Task description :: Your task is to retype, exactly and only, the lines from the one containing "Kafferbøfler er et" to the final line of the entries, leaving out all pictures.

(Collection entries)

---*---

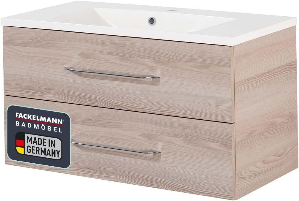 Das Fackelmann B.CLEVER Waschtisch Set aus Gussmarmor vereint modernes Design und Funktionalität für Ihr Badezimmer. Mit einer Breite von 90 cm und einem eleganten Braun hell in Alaska Esche bietet der Waschtischunterschrank zwei geräumige Schubladen mit einem Soft-Close-System. Der Gussmarmor Waschtisch hat eine Stärke von 2,5 cm und ist mit praktischen Hahnloch- sowie Überlauflochbohrungen ausgestattet. **Highlights** - Modernes Design im skandinavischen Stil - Zwei geräumige Schubladen mit Soft-Close-System - Hängende Montage für platzsparende Nutzung - Made in Germany – hohe Qualität und Verarbeitung - Einfache Montage durch verständliche Aufbauanleitung **Produkteigenschaften** - Waschtischunterschrank Maße: 90 cm Breite, 48,5 cm Höhe, 46 cm Tiefe - Gussmarmor Waschtisch Maße: 90 cm Breite, 14 cm Höhe, 46 cm Tiefe - Waschtisch Stärke: 2,5 cm - Material: Gussmarmor, weiß - Ausstattung: Hahnlochbohrung, Überlaufloch - Korpus und Frontfarbe: Braun hell / Design Alaska Esche - Art. Nr. Waschtischunterschrank: 82916 - Art. Nr. Gussmarmor Waschtisch: 83600 **Lieferumfang** - Waschtischunterschrank - Gussmarmor Waschtisch - Aufbauanleitung - Ohne Armatur und Zubehör
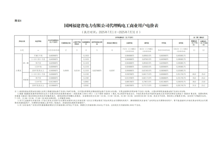 福建省7月份代理購電工商業(yè)用戶電價表
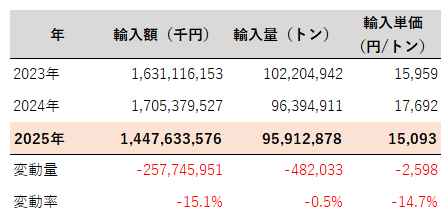 - 単純に輸入額を輸入量で割った2025年における日本の輸入単価は15,093円/トン
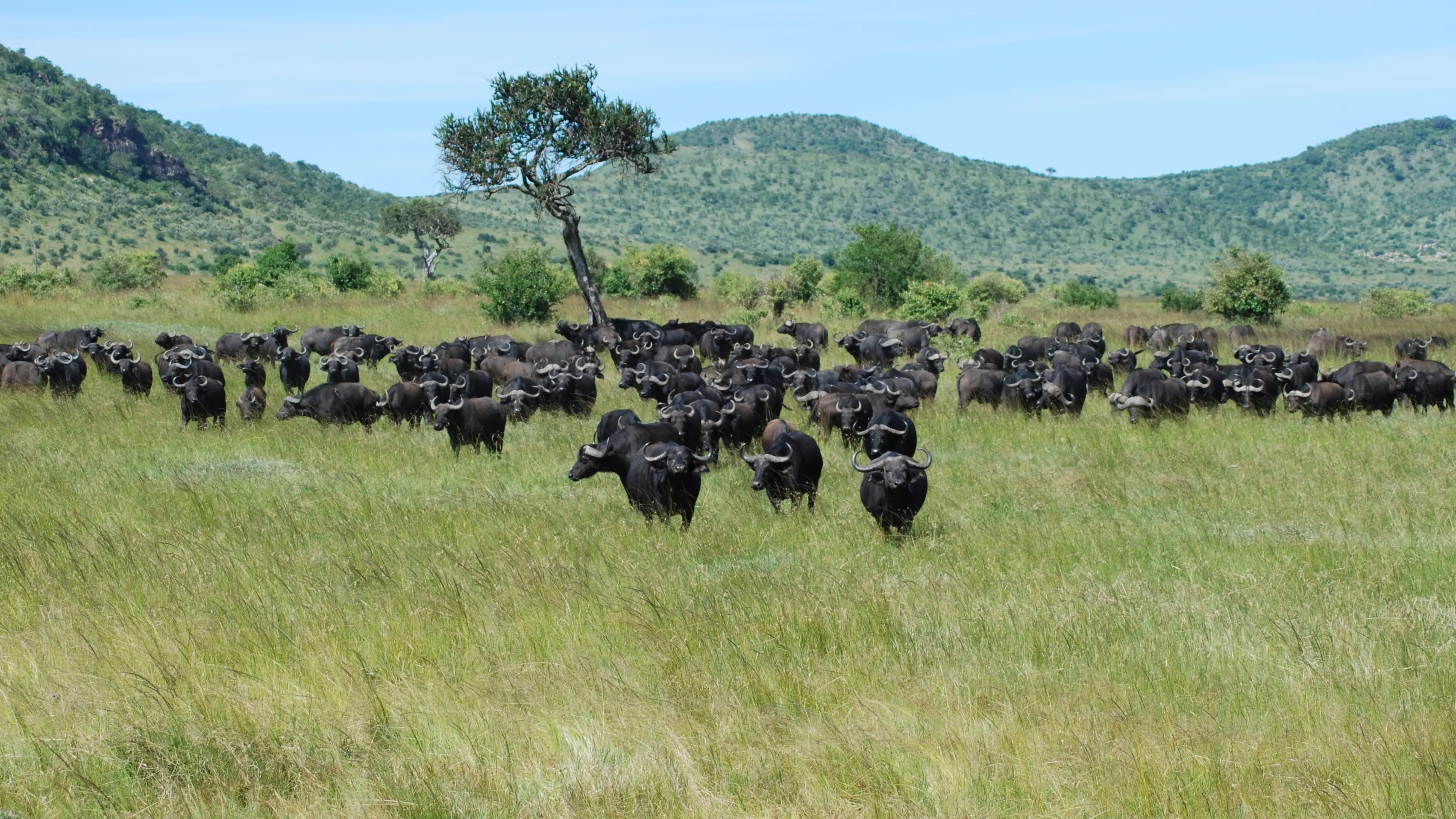 Kafferbøfler er et af de store pattedyr, som indgår i projektet om at opbygge The African Biobank. Foto: Rasmus Heller
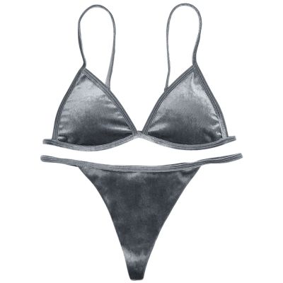 Spaghetti Strap Padded Backless Low Waist Velour Women Bikini Set (LIGHT SLATE GRAY)
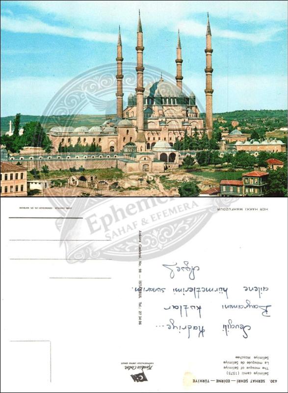 Edirne, Selimiye Camii, Kartpostal, 1970/80’ler: Dört minareli cami, geniş avlu, çevre yapıları ve yeşil alanlarla klasik Osmanlı mimarisi. başlıklı ürün, Efemera, Müzik, Sinema > Kartpostallar > Şehir Kartpostalı > 1960 ve sonrası kategorisi altında İkinci El olarak satılmaktadır.
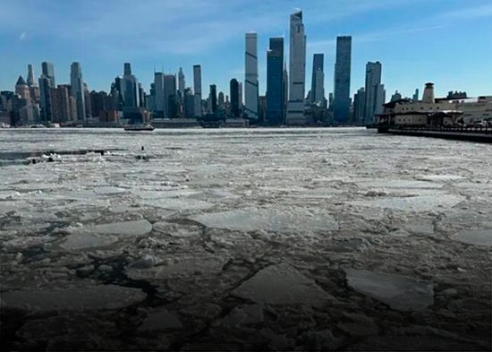 NUEVA YORK.- El caudaloso, profundo y navegable río Hudson en este estado sigue congelado debido al drástico descenso en las temperaturas, en múltiples ocasiones bajo 0º Fahrenheit.

---*---

Solution to the exercise ::
 Kafferbøfler er et af de store pattedyr, som indgår i projektet om at opbygge The African Biobank. Foto: Rasmus Heller
 Spaghetti Strap Padded Backless Low Waist Velour Women Bikini Set (LIGHT SLATE GRAY)
 Edirne, Selimiye Camii, Kartpostal, 1970/80’ler: Dört minareli cami, geniş avlu, çevre yapıları ve yeşil alanlarla klasik Osmanlı mimarisi. başlıklı ürün, Efemera, Müzik, Sinema > Kartpostallar > Şehir Kartpostalı > 1960 ve sonrası kategorisi altında İkinci El olarak satılmaktadır.
 NUEVA YORK.- El caudaloso, profundo y navegable río Hudson en este estado sigue congelado debido al drástico descenso en las temperaturas, en múltiples ocasiones bajo 0º Fahrenheit.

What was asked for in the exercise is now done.